Source : Actualitte 08/07/2012
Les bibliothèques américaines se voient aujourd’hui menacées par la défense du “copyright” qui interdit toute revente et prêt de livres produits à l’étranger. Une protection qui vise prioritairement la défense des biens américains contre l’importation de biens étrangers, sous une loi très paradoxale.
Ce sera mieux avant… Crédits ActuaLitté
L’affaire Kirtsaeng v. Wiley & Son : « first-sale » v. « Copyright »
On se souviendra de l’affaire Kirtsaeng versus Wiley & Son dans notre (voir notre actualitté) qui opposait un revendeur de livres d’occasion à l’entreprise Wiley & Son. Deux principes de loi entraient alors en confrontation : la « first-sale doctrine » qui permet une liberté totale à l’acheteur d’un bien copyrighté sur le livre acquis, empêchant par exemple les éditeurs de contrôler le marché de l’occasion par le copyright, et la juridiction du Second circuit qui exige que les livres doivent être « légalement produit sous » la loi américaine pour bénéficier de cet épuisement du copyright. Seuls les produits entièrement fabriqués aux États-Unis ne sont pas protégés par le « copyright », les autres ne peuvent être ni revendus ni prêtés. De quoi inciter les éditeurs américains à continuer d’imprimer en Chine…

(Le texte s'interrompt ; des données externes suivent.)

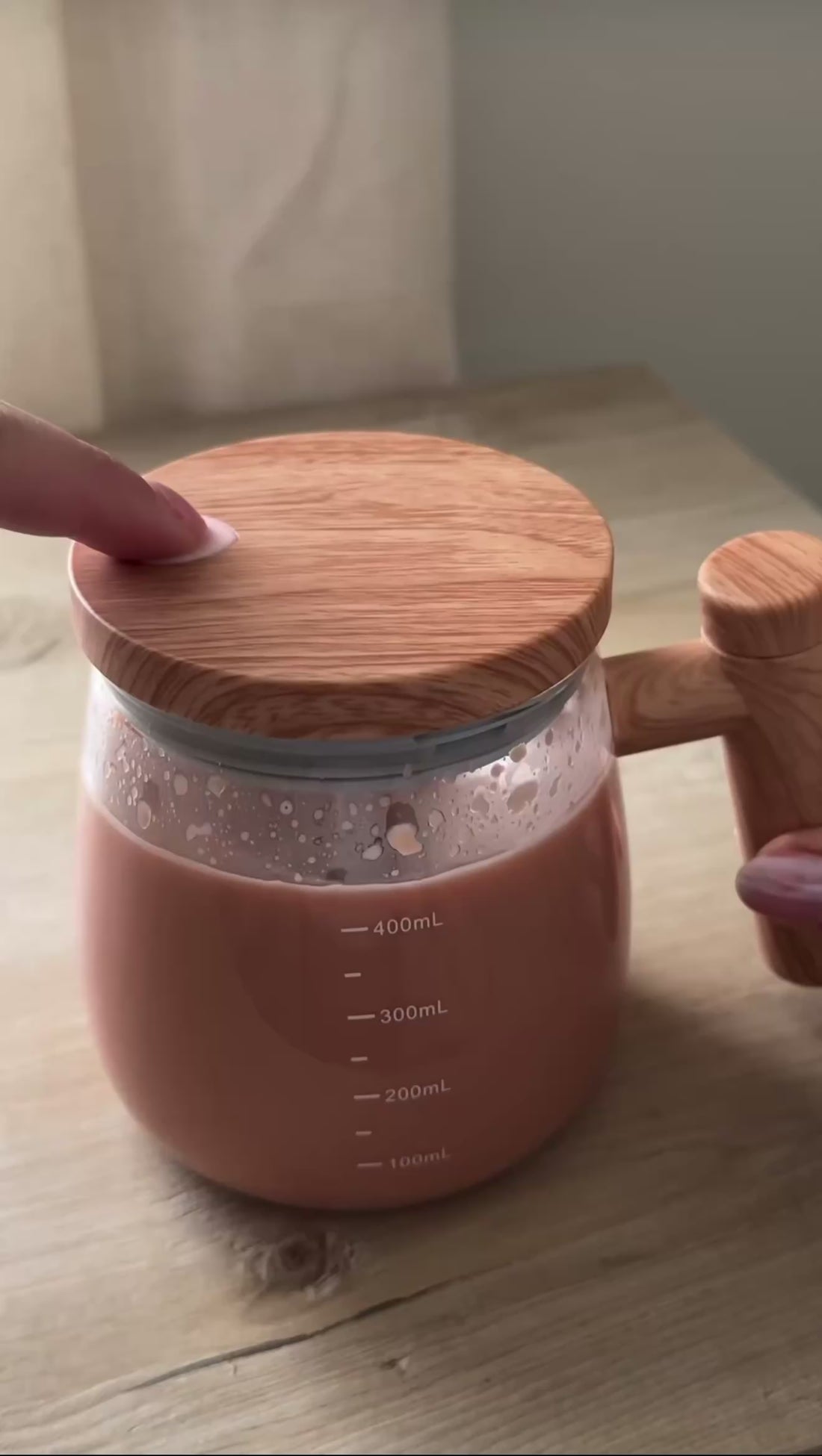 What is the design and material of the self-stirring mug?: The mug is crafted from durable glass with a handgrip for easy handling. It has a universal purpose, making it ideal for a variety of drinks. The American style design adds a modern aesthetic, making it a stylish choice for everyday use.

La proposition de The Library Copyright Alliance
Aujourd’hui les bibliothèques sont menacées de violer le copyright en permettant le prêt de livres qui ne sont pas sous couvert de la loi américaine. The Library Copyright Alliance est l’association de trois grands groupes de bibliothèques (ALA, ARL, et la ACRL). Elle vient de demander à la Cour d’Appel d’inverser le jugement du Second Circuit et d’appliquer la doctrine de la « first-sale » à toutes les copies « manufacturées avec l’autorisation légale du détenteur du copyright américain d’une œuvre » (Publishers Weekly). Dans ce cas, peu importerait l’endroit de fabrication, ce qui doit être pris en compte serait la nature des détenteurs de copyright (une entreprise américaine donc).

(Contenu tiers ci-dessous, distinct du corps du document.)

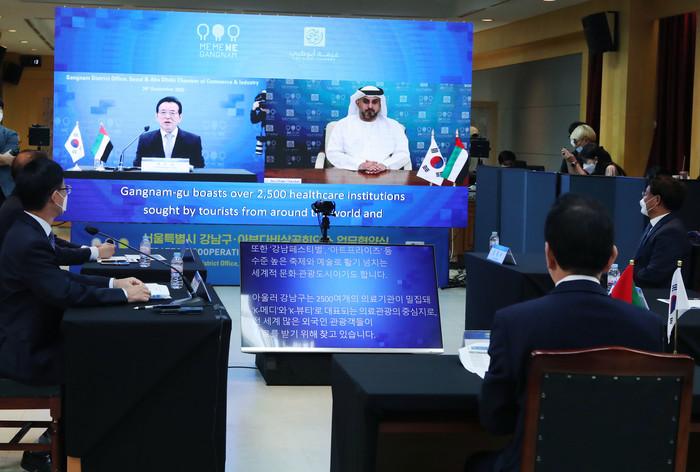 서울 강남구가 최근 한-UAE 수교 40주년을 맞아 한류관광, K-의료, 스타트업의 중동진출을 돕기 위해 아부다비상공회의소와 온라인 화상 업무협약을 체결했다. 이에따라 앞으로 양 기관은 ▲온라인 수출상담회 ▲화상상담소 ▲K-POP 스타와 함께하는 온택트 콘서트 공동제작 등을 진행한다. 사진은 업무협약 체결을 하고 있는 양 기관의 모습. (사진제공=강남구청)

Un coup fatal porté aux bibliothèques américaines
L’avocat Jonathan Band, porte-parole de l’Alliance, affirme dans Publishers Weekly que la loi actuelle porterait un coup fatal aux bibliothèques américaines qui ne pourraient plus prêter de livres qui seraient imprimés à l’étranger. Cette décision concerne non seulement les livres d’éditeurs étrangers, mais aussi les livres d’éditeurs américains qui impriment à l’étranger. « Plus de 200 millions de livres des bibliothèques proviennent de l’étranger », remarque J. Band.
Le Second circuit a décidé à deux voix contre une qu’il ne pouvait pas octroyer la protection de la « first-sale » aux bibliothèques parce que la formulation du statut dit que les produits doivent être « légalement fabriqués ». Ainsi, ils ont estimé que ces deux mots réduisent la « first-sale » « spécifiquement et exclusivement aux œuvres qui ont été fabriquées dans les territoires sous autorité de la loi du copyright américain et non pas au produit fabriqué à l’étranger ».
Deux tribunaux de justice pour deux interprétations de la loi
Ce verdict est le deuxième arrivé. Il y avait déjà eu une affaire similaire (le cas de Costco Wholesale Corporation v. Omega, S.A), en décembre 2010, où la Cour d’Appel s’était bloquée à quatre contre quatre, avec une abstention. La décision du Neuvième Circuit empêchait un magasin, Costco, de vendre des montres Oméga fabriquées à l’étranger et sous copyright. Elles étaient autorisées à la vente seulement à l’étranger et le décret interdisait à un magasin américain de les vendre aux États-Unis.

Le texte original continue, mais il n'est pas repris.